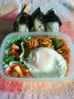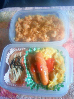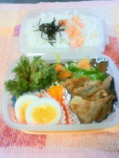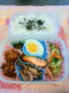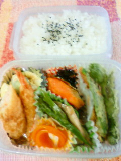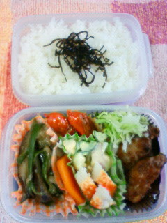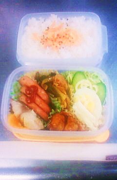 ・鳥の龍田揚げ・赤ウィンナー・かにかま・卵サラダ・茄子とピーマンの味噌和え・ご飯(昆布)母はEXILEを「いぐざいる」と言います。夜中の番組を見るぐらい好きなら、覚えろ!
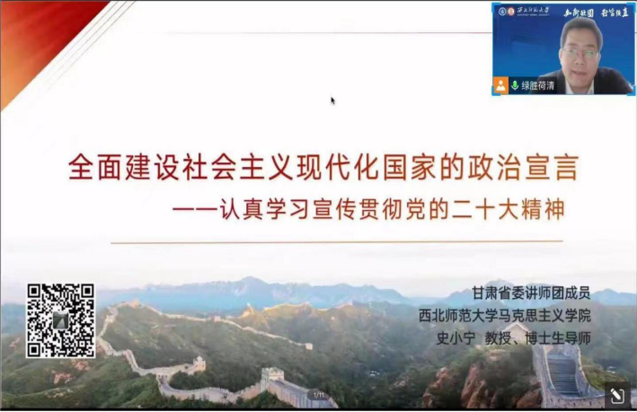 为深入学习宣传贯彻党的二十大精神,深刻把握党的二十大召开的重大现实意义,不断增强学习阐释党的二十大精神的研究力度、理论深度和学术厚度,不断推进党的二十大精神融入思想政治理论课教学。11月8日下午,新葡萄8883官网AMG院长史小宁教授为全校百余名2022级博士研究生、学院青年教师和硕士研究生作了题为《全面建设社会主义现代化国家的政治宣言——认真学习宣传贯彻党的二十大精神》的宣讲报告。
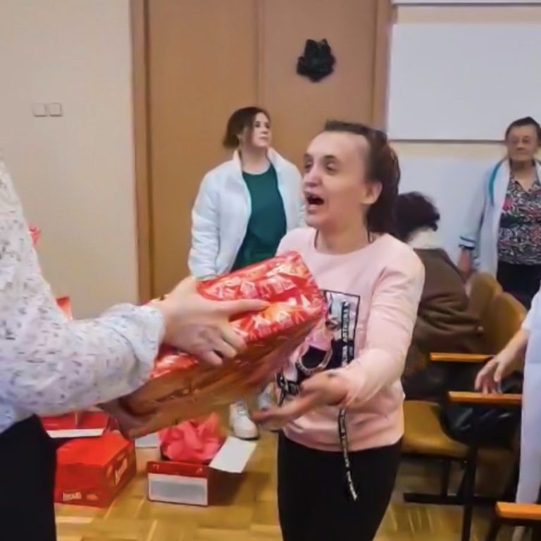 Etwa 96 Mädchen und junge Frauen, viele mit körperlichen oder mentalen Behinderungen, erhalten Weihnachtspakete aus Hamburg.
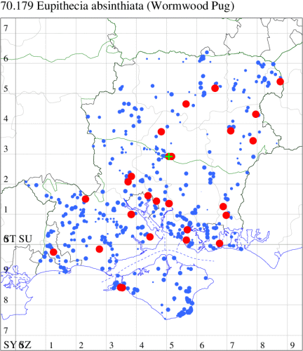Common in gardens, saltmarshes, woodland and grassland throughout much of the British Isles. In Hampshire and on the Isle of Wight fairly common to common on waste ground and in woods and large gardens. Wingspan 21-23 mm. The main confusion species is Currant Pug E. assimilata, but Wormwood Pug is larger, with more distinct markings. Larva feeds on Mugwort, Yarrow, Common Ragwort, Wormwood, Sea Aster, Goldenrod and Canadian Goldenrod, over-wintering as a pupa.
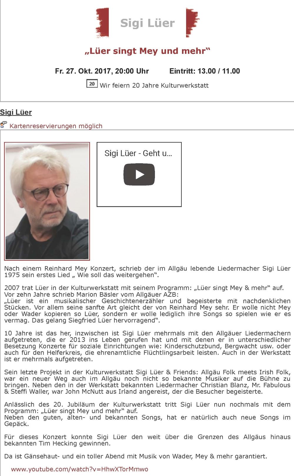 Lüer singt Mey und mehr 2017 Kulturwerkstatt Sonthofen
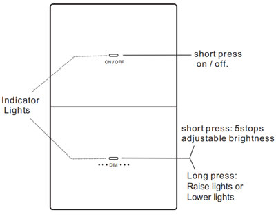 Nota: Cuando el botón de atenuación (pulsación larga) alcanza el brillo máximo o mínimo, la luz indicadora parpadea lentamente. |
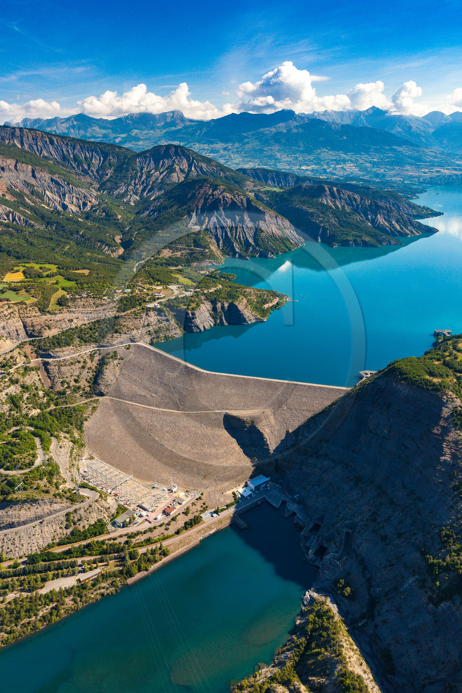 | Description | Hautes-Alpes, 05, Lac de Serre-Ponçon, Espinasses, Le Barrage et le bassin de compensation |
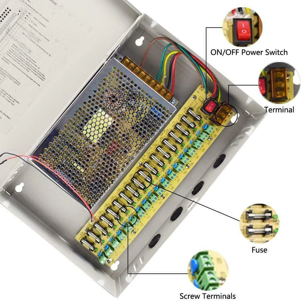Этот источник питания подходит для камеры видеонаблюдения, системы безопасности, светильник, охранника, монитора и т. Д.
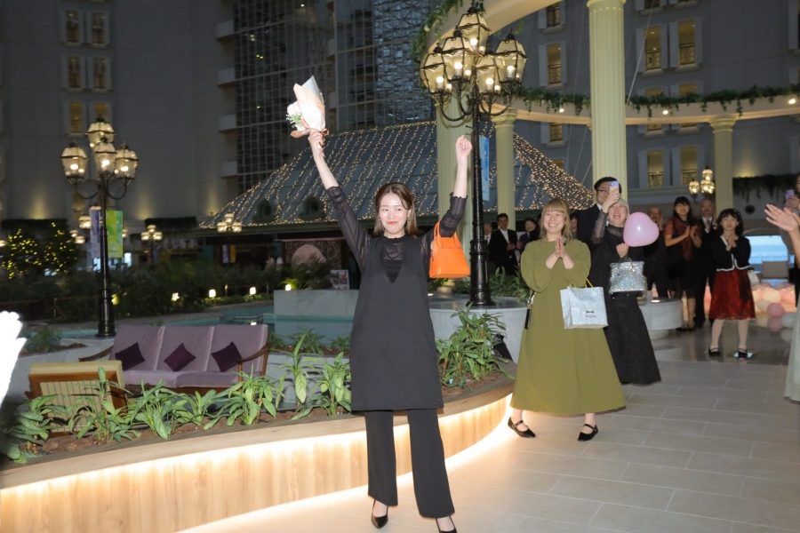おふたりのために駆け付けてくださったゲストの皆さまから「おめでとう!」と祝福の拍手をいただき、幸せいっぱいの笑顔がはじけるおふたり。
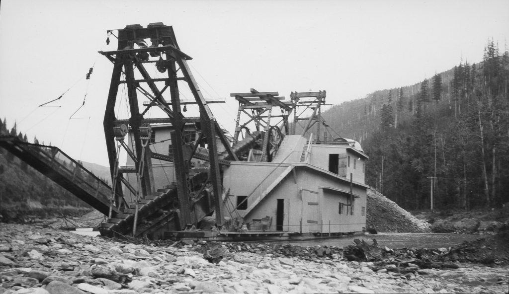 In 1879, AJ Prichard discovered gold in Prichard Creek, setting off the mining rush in the Coeur d’Alene basin. Prichard Creek is a tributary to the North Fork Coeur d’Alene River and was the site of several hard rock mines and mill sites in the 1900s. Placer and lode mining dominated the early mining efforts until a large dredge was brought in from Alaska by the Yukon Gold Company in 1917, operating until 1926. The massive dredge was 106 feet long, 44 feet wide, and 6 stories tall. It worked 24 hours a day, manned by a crew of 12. Reports indicate that it dug down in excess of 20 feet into the river bed. The dredge turned over about five miles of the creek and floodplain, leaving behind a barren landscape of tailings. The disturbance altered the stream channel, causing water to flow subsurface and impairing the habitat and river function throughout the entire length of Prichard Creek to the confluence. Today, an approximately 3 mile section of the creek near the town of Murray loses water for a portion of every year. Westslope cutthroat trout and other native fish species persist in Prichard Creek, but lack the connection to the headwaters upstream.

··········

*WORK ORDER*. The reply should hold the entries above from the line with "Lüer singt Mey" to the line with "Nota: Cuando el", duplicated exactly, pictures excluded.

*SOLUTION*.
 Lüer singt Mey und mehr 2017 Kulturwerkstatt Sonthofen
 Nota: Cuando el botón de atenuación (pulsación larga) alcanza el brillo máximo o mínimo, la luz indicadora parpadea lentamente. |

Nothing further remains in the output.